Faz um frio agudo dentro de mim. Procuro um agasalho. Cubro. Recubro. Mas,desnudo-me diante de uma mentira, pois cubro o meu corpo e não o meu sentimento de angústia. Que sentimento tão inválido é este que me aflige? Feio. Insípido, flácido na fluidez da impaciência que eu descubro.
Enquanto cubro, vou descobrindo a minha nudez sentimental que me escapa por causa da invalidez emocional. Inválidos somos nós, na vertiginosa conquista que pretendemos dar ao nosso futuro.
Ah, o futuro. Olha meu irmão, o futuro é tão antigo como a Humanidade. E ao caminharmos para o futuro, é da clemência que vamos ao encontro, na precisão de uma nova conquista. É nesse mito que se emerge a minha angústia, que se esfria dentro de mim. Não será isto início de uma loucura. Louco. Estou a ficar louco. Pelo menos a loucura dá-me a certeza de que sou alguma coisa. Pelo menos uma certeza, ganhei, na vida: sou louco. Louco!
Nesse estágio da vida, pelo menos posso lutar contra tudo. Posso lutar contra «o nada». Posso sonhar com tudo. Posso viver o rito de um presságio único. Posso, como louco, ser barco. Mar. Oceano. Concha marítima. Mercado. Mercador. Luz. Sol. Folha. Agulha. Amante. Amado. É bom ser louco, porque podemos ser e fazer tudo. Podemos ganhar. Perder. Rir. Chorar. Cantar. Saltar. Orar. Ou rezar para quem acredita que numa fé maior que a minha.
Mas isso não tira e muito menos purifica a nossa loucura, apenas atenua. Engrandece. Desloca-nos. Transfere-nos. Espalha-nos. Congela-nos. Irrita-nos. É dentro da nossa irritação humana que continuo a sentir um frio agudo dentro de mim.

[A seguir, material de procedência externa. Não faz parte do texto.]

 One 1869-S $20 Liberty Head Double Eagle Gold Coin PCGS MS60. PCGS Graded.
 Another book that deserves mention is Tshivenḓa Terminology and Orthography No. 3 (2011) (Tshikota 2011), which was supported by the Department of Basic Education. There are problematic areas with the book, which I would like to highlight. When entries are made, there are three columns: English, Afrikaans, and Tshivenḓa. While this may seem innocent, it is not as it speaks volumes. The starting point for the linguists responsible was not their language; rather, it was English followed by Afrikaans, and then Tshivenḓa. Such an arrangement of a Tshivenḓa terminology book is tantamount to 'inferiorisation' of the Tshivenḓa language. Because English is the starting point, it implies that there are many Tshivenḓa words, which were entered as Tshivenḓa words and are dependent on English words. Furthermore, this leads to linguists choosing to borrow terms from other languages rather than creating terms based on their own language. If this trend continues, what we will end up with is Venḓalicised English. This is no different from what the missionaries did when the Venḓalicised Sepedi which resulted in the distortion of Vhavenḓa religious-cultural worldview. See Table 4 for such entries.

A angústia revela-me a sua loucura. Alguns chamam-me louco, por ser poeta. Sou artista e não poeta. Estou transtornado com a minha situação de artista. Sou promíscuo. Débil. Boémio. Suicida. Insolente. Vagabundo. Gostava apenas de ser o sol das futuras gerações. Belo. Bom. Moralmente aceite como referência de todos os tempos e de todos os artistas. Mas olhem para onde estou agora, no lado da ala vertiginosa do mundo. Estou do lado da mesma estrela que conquistei, da mesma estrela que, sem me aperceber, deitei na lama, por causa de uma simples fornicação mental, banal, diagonal, sazonal e excepcional.
Virginal, no plano quinzenal. Infernal, no plano teológico. Salvífico, no legado literário. Matinal. É nesse matinal escuro, solar e existencial que me encontro agora. É nessa matriz que me cubro, redescobrindo que não fui honesto com os descobrimentos que foram desacobertados para que eu possa andar coberto como um artista cordialmente uno, complexo e simples.

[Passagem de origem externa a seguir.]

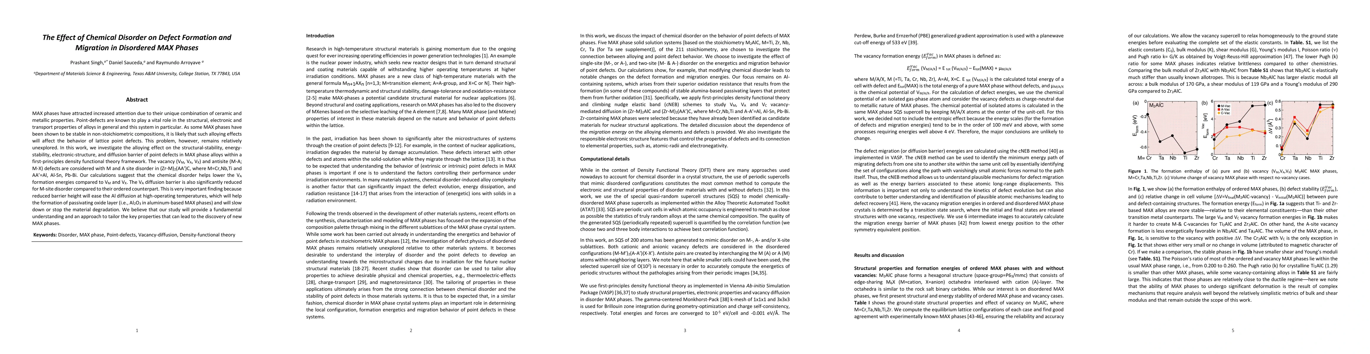 MAX phases have attracted increased attention due to their unique combination of ceramic and metallic properties. Point-defects are known to play a vital role in the structural, electronic and transport properties of alloys in general and this system in particular. As some MAX phases have been shown to be stable in non-stoichiometric compositions, it is likely that such alloying effects will affect the behavior of lattice point defects. This problem, however, remains relatively unexplored. In this work, we investigate the alloying effect on the structural-stability, energy-stability, electronic-structure, and diffusion barrier of point defects in MAX phase alloys within a first-principles density functional theory framework. The vacancy (V$_{M}$, V$_{A}$, V$_{X}$) and antisite (M-A; M-X) defects are considered with M and A site disorder in (Zr-M)$_{2}$(AA${'}$)C, where M=Cr,Nb,Ti and AA${'}$=Al, Al-Sn, Pb-Bi. Our calculations suggest that the chemical disorder helps lower the V$_{A}$ formation energies compared to V$_{M}$ and V$_{X}$. The V$_{A}$ diffusion barrier is also significantly reduced for M-site disorder compared to their ordered counterpart. This is very important finding because reduced barrier height will ease the Al diffusion at high-operating temperatures, which will help the formation of passivating oxide layer (i.e., Al$_{2}$O$_{3}$ in aluminum-based MAX phases) and will slow down or stop the material degradation. We believe that our study will provide a fundamental understanding and an approach to tailor the key properties that can lead to the discovery of new MAX phases.

Nessa onda matinal, em que me encontro agora, o frio (a angústia) toma conta de mim. Acho que estou nos últimos momentos de mim. Mesmo assim, vou-me agasalhando cada vez mais. Esperando que a angústia (o frio) me leve de mim, para fora de mim. Enquanto me cubro, espero que o frio (a angústia) me arranque de mim, para me levar para o futuro de mim mesmo.
Choro. Choro, sim. Choro, porque tenho medo do além. Choro, não por medo de um frio denso e agudo. Choro porque descubro dentro da Humanidade, dentro de mim, que a única angústia (o frio) de que tenho medo (dentro do meu frio angustiante) é o futuro: a morte.